What are the hurdles in adopting AI in Healthcare?
1. Data Readiness
The data used for predictive diagnosis might not be fully integrated with all the data sources that healthcare professionals are accustomed to while treating their patients. The lack of unified data sources integrating clinical data, life science, employee benefit along with research in drugs and pharmaceutical advancements prove to be a continuous struggle in embracing healthcare technology.
2. Data Privacy
Data in healthcare are sensitive in nature whether it might be the patient’s medical data, employee’s healthcare provider information, all the wired and IoT devices collecting patient health statistics. It is crucial to securely store and manage all Electronic Health Records (EHR) complying with the Health Insurance Portability and Accountability Act(HIPAA) compliance. As per HIPAA compliance, it is mandatory to authorize medical access, encrypt data, streamline ePHI(Electronic Protected Healthcare Information), audit reports and activities logged in different medical devices. The data privacy rule is trickier to handle and the wide range of regulations ranging from GDPR(General Data Protection Regulation) in EU to CCPA(California Consumer Privacy Act) convolutes technological advancement in healthcare.
3. Lack of Data Pipeline
It is a journey to automation that is steadily improving healthcare but at the same time, it involves proper data management as data is the key. Data enormity along with the lack of streamlined data pipeline complicates the automation procedure. Batch mode operation is no longer sufficient as more and more real-time data are growing with the increase in medical devices collecting our physicals every minute. Big Data technologies like Splunk turning data into doing, Spark managing computation in cluster mode, Kafka transferring data are encouraging technologists to streamline medical data from different data sources.
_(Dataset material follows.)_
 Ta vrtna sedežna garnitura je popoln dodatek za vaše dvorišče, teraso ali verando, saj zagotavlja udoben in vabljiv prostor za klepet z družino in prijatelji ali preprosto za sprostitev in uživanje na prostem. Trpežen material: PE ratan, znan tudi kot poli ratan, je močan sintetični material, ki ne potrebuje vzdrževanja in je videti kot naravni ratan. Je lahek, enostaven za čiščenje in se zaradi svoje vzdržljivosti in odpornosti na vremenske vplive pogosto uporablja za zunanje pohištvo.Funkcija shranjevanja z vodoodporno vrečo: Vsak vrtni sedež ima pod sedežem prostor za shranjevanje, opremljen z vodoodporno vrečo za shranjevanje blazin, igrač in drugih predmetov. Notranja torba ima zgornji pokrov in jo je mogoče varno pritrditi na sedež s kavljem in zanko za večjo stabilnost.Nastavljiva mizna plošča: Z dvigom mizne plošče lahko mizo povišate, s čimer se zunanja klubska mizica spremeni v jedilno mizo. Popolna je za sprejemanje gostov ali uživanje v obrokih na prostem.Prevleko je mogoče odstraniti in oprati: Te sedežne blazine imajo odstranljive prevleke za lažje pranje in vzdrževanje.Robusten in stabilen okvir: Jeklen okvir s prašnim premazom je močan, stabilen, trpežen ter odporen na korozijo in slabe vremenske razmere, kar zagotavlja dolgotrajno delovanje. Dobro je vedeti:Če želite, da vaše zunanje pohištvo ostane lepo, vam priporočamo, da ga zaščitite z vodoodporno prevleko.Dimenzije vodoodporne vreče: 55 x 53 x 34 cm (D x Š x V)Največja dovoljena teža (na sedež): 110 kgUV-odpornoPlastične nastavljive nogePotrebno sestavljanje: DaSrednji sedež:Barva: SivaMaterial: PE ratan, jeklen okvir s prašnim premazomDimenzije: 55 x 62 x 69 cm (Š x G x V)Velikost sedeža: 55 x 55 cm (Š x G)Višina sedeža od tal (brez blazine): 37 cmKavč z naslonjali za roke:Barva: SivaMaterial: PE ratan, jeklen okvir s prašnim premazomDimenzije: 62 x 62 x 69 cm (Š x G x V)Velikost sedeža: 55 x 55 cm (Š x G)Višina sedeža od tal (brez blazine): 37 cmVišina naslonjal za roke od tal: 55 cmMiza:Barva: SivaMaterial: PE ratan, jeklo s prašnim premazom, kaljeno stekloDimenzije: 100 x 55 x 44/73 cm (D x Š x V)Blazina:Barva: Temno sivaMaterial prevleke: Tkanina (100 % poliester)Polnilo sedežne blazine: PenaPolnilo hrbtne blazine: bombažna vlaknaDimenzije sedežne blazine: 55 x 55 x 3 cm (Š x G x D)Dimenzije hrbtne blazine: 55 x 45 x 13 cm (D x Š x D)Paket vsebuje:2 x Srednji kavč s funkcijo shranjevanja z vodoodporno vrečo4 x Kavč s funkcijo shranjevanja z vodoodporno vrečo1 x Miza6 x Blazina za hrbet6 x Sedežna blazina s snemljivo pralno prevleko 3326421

4. AI being black-box in nature
The lack of AI knowledge among domain experts makes them believe AI to be a black-box miraculously solving all the problems. Spreading awareness and educating the need for AI in healthcare will pave the way for robust healthcare for all.
5. Data Scientists Vs Domain Experts
The fact that training data used in Machine Learning models to predict diseases are prepared by professionals not having knowledge of the medical data used for diagnosis adds to the skepticism of trusting AI. Data Scientists should work very closely with domain experts of the respective field for automating repetitive procedures. Since the data scientists are not the domain experts, any small assumption in building ML models can result in failure lessening the trust in AI.
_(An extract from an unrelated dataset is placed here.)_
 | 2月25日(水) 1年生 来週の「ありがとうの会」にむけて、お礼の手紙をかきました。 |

6. Lack of End to End AI Automation
Building predictive models to diagnose diseases is not a one-time activity, rather it involves continuous improvement with human-in-the-loop intervention and retraining models whenever there is new medical data. There is a need for automating the entire end to end lifecycle of AI projects. We are in dire need of a unified platform for experimenting with different ML libraries and algorithms, deploying to any cloud environment and monitoring the model performance for continuous improvement.
Healthcare for All
Healthcare for all should no longer be a dream but rather a reality with the same standards of healthcare reaching all nooks and corners of the world. Automating admin activities not only helps healthcare professionals to provide personal care but also reduces human-errors and manages the growing cost of medical treatments. By automating the tedious manual jobs, it frees healthcare professionals from the mundane activity and rallies their time and energy to the much-needed patient care.
We are already witnessing the future of robotic surgeries with surgeries performed remotely where the Corindus Vascular Robotics with its CorPath technology was used to place a stent inside the heart blood vessels.
The revolution of Artificial Intelligence along with Virtual Reality is preparing the world to be more interconnected with health resources making the impossible possible.